TOS applies to all CenterServ clients.

TOS applies automatically to all CenterServ clients upon subscription to the Services including subscription through a third party or any commercial partner. BY SUBSCRIBING TO CenterServ'S SERVICES YOU ACCEPT THE POLICIES LISTED IN THIS DOCUMENT AND ACCEPT TO RESPECT THEM. The service order is described as the package description as presented on the web site or the " service order " document in case of colocation and dedicated server services. In this document, CenterServ Shared Hosting sections apply to subscribers of the Shared Hosting packages, CenterServ apply to Dedicated Servers subscribers and CenterServ InstantColo sections apply to Colocation subscribers.

General

CenterServ Corp., agrees to provide services described in the Service Order(s) signed by the parties(“Services”) to the customer subject to the following Terms of Service (TOS). Use of CenterServ Corp. services constitutes acceptance and agreement to these Terms Of Service and all attachments. CenterServ Corp. will make all reasonable efforts to provide a quality service to the Customer.

Privacy

CenterServ Corp. will use the customer's personal information only as reasonably necessary to provide contracted services and to collect fees owed and will not disclose such information to any third party except as required by law as evidenced by an order of a court of competent jurisdiction and to collection services if needed. The Customer authorizes CenterServ to use it's name, business name and comments in marketing documents. At any time, the Customer can send a written notice to withdraw this authorization.

Bandwidth Services

CenterServ Corp. will provide to the Customer the Internet Connectivity, IP Addresses and Internet Traffic services (collectively, the “Bandwidth Services”), as specified in the Service Order.
In the case of servers connected on the high-quality network, the bandwidth can be used at full capacity on multiple servers simultaneously to exceed 500mbits.

CenterServ Shared Hosting

The Customer agrees to use bandwidth as described in the Acceptable Usage Policy.
The Customer agrees to use bandwidth as described in the Acceptable Usage Policy and agrees that bandwidth shall not exceed the number of gigabytes per month for the Services ordered by the Customer on the Service Order Form and that number of gigabytes is the sum of the incoming and outgoing data transfer for a period of 1 month. CenterServ Corp. will monitor the Customer's bandwidth usage and shall have the right to take corrective action if the Customer's bandwidth usage exceeds the Agreed Usage. Such corrective action may include the assessment of additional charges based on the per gigabyte price stated on the Service Order.

IP Addresses

Any IP Addresses allocated to the Customer by CenterServ Corp. must be maintained by the Customer in an efficient manner as deemed by ARIN and utilized at 80% within 30 days of assignment by CenterServ Corp. to the Customer.
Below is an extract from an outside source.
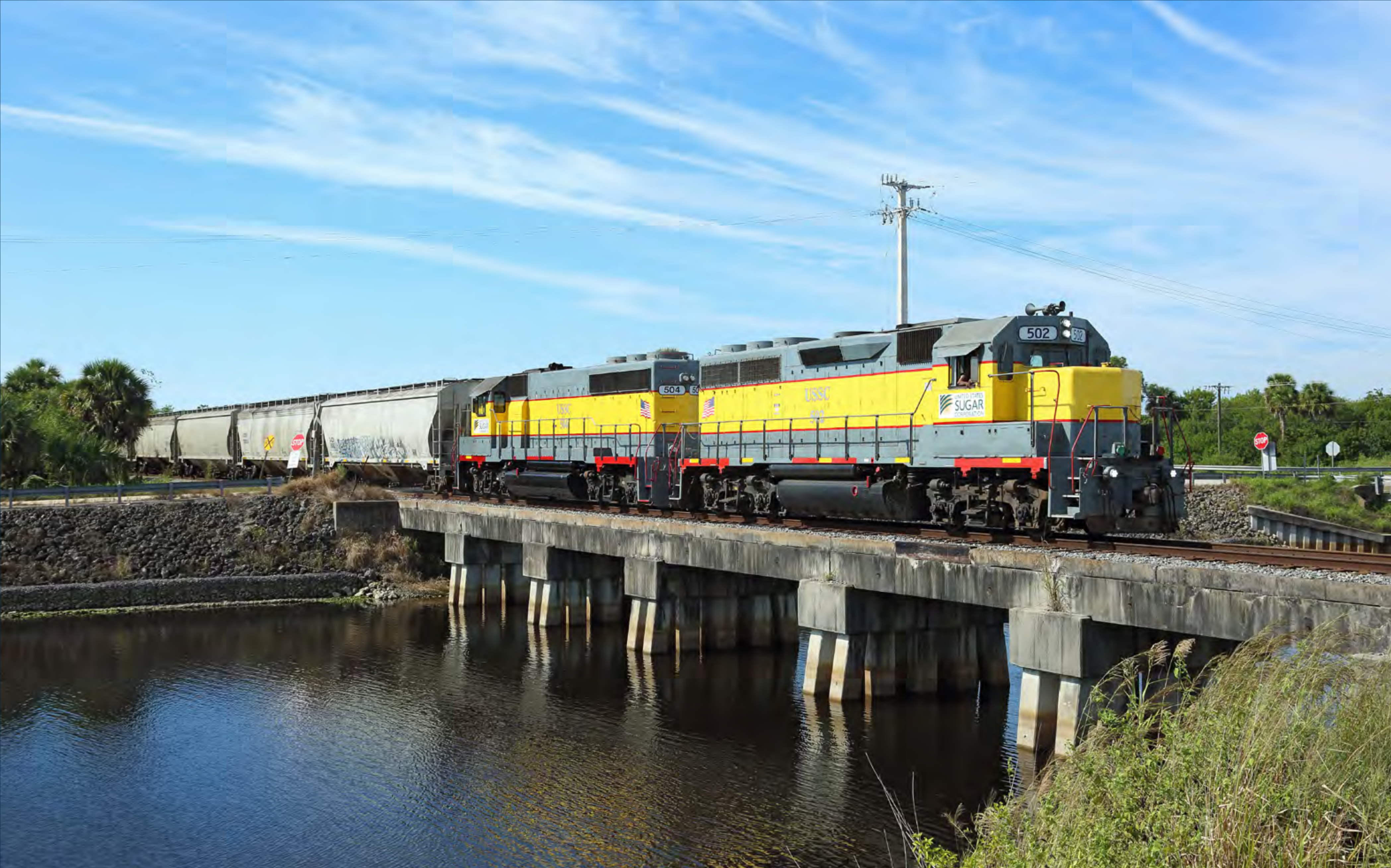
▶ USSC GP40-2 Nos. 502 and 504 pass Port St. Lucie whilst working the Fort Pierce turn from Clewiston. At Fort Pierce the USSC interchanges with the Florida East Coast Railway. Laurence Sly

Failure to comply with this Section may result in the revocation of IP Addresses by CenterServ Corp. after five days notice to the Customer. CenterServ Corp. shall maintain and control ownership of all Internet Protocol numbers and addresses that may be assigned to the Customer by CenterServ Corp., and CenterServ Corp. reserves the right to change or remove any and all such Internet Protocol numbers and addresses, in its sole and absolute discretion. The Customer can obtain up to 8 ip addresses for free. All ip requests must be fully justified.

Other Services

Upon request by the Customer, CenterServ Corp. may at its option, provide the Customer with technical and non-technical support, such as equipment reboots, troubleshooting, DNS and other support, in connection with the Customer's use of the Customer Space and Bandwidth Services. The Customer agrees to pay the hourly rate of $125 CA for those other services.

Installation, removal, replacement, maintenance and access to equipment

CenterServ Shared Hosting
CenterServ is the owner of the equipment used by the customer and grants a license to use this equipment. The Customer has no rights on the equipment. Physical access to the equipment by the Customer is strictly prohibited.

CenterServ InstantColo

CenterServ Corp. grants to the Customer, as of the Effective Date, the right to operate, install, remove, replace and maintain a specific physical server hardware located in one of CenterServ Corp.'s datacenters as described in the Service Order. The Customer must install the hardware in the space identified on the service order and reserved for its usage. The Customer will be responsible for the delivery of the Equipment. The Customer represents and warrants that it either owns all Equipment or has all necessary rights to locate the Equipment in the Premises. During the Term of this Agreement, the Customer will immediately notify CenterServ Corp. of any space, power or other requirements associated with the installation or operation of the Equipment. CenterServ Corp. will have no duty to monitor, maintain or care for the Equipment. Upon termination or expiration of the Term of this Agreement, unless prohibited by CenterServ Corp. as permitted by this Agreement, the Customer will remove the Equipment from the Premises. Unless the Parties otherwise agree in writing, in the event the Equipment has not been removed within 5 days following the termination or expiration, CenterServ Corp. will have the right to remove, relocate, or otherwise store the Equipment at the Customer's expense without liability to the Customer.

CenterServ InstantColo - Individual server space

The Customer will be responsible for the delivery of the Equipment. CenterServ is responsible of the initial installation of the equipment in the individual server space. Access to the equipment is authorized on business hours upon previous notification from the Customer and accompanied by an CenterServ staff member. Emergency access can be arranged outside business hours, the Customer will pay for emergency access requests in accordance to the emergency hourly rate in effect.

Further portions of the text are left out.